▶ [Your objective] Nothing but an exact copy of the records is expected here.

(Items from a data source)
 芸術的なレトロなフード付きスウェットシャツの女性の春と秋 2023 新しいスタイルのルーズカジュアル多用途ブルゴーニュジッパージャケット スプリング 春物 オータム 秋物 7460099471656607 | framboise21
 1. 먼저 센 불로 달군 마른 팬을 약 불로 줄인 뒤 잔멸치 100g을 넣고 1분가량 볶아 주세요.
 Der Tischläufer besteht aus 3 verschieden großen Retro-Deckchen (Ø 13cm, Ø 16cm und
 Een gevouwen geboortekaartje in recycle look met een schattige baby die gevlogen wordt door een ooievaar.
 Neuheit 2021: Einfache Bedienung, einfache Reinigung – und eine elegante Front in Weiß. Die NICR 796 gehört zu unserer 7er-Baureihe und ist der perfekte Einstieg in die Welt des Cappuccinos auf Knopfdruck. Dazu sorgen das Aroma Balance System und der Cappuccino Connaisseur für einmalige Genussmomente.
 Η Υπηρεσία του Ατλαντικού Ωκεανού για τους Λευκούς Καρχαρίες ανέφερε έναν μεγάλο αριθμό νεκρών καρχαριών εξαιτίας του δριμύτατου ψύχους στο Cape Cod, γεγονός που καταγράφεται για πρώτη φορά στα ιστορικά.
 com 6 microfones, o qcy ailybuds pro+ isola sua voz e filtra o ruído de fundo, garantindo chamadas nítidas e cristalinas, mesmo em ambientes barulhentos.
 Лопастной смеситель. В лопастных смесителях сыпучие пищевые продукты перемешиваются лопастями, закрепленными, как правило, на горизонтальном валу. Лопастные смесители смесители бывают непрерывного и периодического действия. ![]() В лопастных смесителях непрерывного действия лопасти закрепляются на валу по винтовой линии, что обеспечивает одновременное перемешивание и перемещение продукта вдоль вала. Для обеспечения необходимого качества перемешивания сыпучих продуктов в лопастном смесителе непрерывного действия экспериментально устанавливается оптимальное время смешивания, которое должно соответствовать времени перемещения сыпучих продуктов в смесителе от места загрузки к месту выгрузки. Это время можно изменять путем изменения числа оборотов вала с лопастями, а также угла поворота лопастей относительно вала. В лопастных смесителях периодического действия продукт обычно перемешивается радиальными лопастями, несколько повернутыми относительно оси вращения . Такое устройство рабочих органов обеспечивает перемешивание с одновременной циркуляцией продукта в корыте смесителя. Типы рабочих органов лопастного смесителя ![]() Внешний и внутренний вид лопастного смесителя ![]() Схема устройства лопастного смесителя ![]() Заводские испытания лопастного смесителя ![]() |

▶ [Problem solution]
 芸術的なレトロなフード付きスウェットシャツの女性の春と秋 2023 新しいスタイルのルーズカジュアル多用途ブルゴーニュジッパージャケット スプリング 春物 オータム 秋物 7460099471656607 | framboise21
 1. 먼저 센 불로 달군 마른 팬을 약 불로 줄인 뒤 잔멸치 100g을 넣고 1분가량 볶아 주세요.
 Der Tischläufer besteht aus 3 verschieden großen Retro-Deckchen (Ø 13cm, Ø 16cm und
 Een gevouwen geboortekaartje in recycle look met een schattige baby die gevlogen wordt door een ooievaar.
 Neuheit 2021: Einfache Bedienung, einfache Reinigung – und eine elegante Front in Weiß. Die NICR 796 gehört zu unserer 7er-Baureihe und ist der perfekte Einstieg in die Welt des Cappuccinos auf Knopfdruck. Dazu sorgen das Aroma Balance System und der Cappuccino Connaisseur für einmalige Genussmomente.
 Η Υπηρεσία του Ατλαντικού Ωκεανού για τους Λευκούς Καρχαρίες ανέφερε έναν μεγάλο αριθμό νεκρών καρχαριών εξαιτίας του δριμύτατου ψύχους στο Cape Cod, γεγονός που καταγράφεται για πρώτη φορά στα ιστορικά.
 com 6 microfones, o qcy ailybuds pro+ isola sua voz e filtra o ruído de fundo, garantindo chamadas nítidas e cristalinas, mesmo em ambientes barulhentos.
 Лопастной смеситель. В лопастных смесителях сыпучие пищевые продукты перемешиваются лопастями, закрепленными, как правило, на горизонтальном валу. Лопастные смесители смесители бывают непрерывного и периодического действия. ![]() В лопастных смесителях непрерывного действия лопасти закрепляются на валу по винтовой линии, что обеспечивает одновременное перемешивание и перемещение продукта вдоль вала. Для обеспечения необходимого качества перемешивания сыпучих продуктов в лопастном смесителе непрерывного действия экспериментально устанавливается оптимальное время смешивания, которое должно соответствовать времени перемещения сыпучих продуктов в смесителе от места загрузки к месту выгрузки. Это время можно изменять путем изменения числа оборотов вала с лопастями, а также угла поворота лопастей относительно вала. В лопастных смесителях периодического действия продукт обычно перемешивается радиальными лопастями, несколько повернутыми относительно оси вращения . Такое устройство рабочих органов обеспечивает перемешивание с одновременной циркуляцией продукта в корыте смесителя. Типы рабочих органов лопастного смесителя ![]() Внешний и внутренний вид лопастного смесителя ![]() Схема устройства лопастного смесителя ![]() Заводские испытания лопастного смесителя ![]() |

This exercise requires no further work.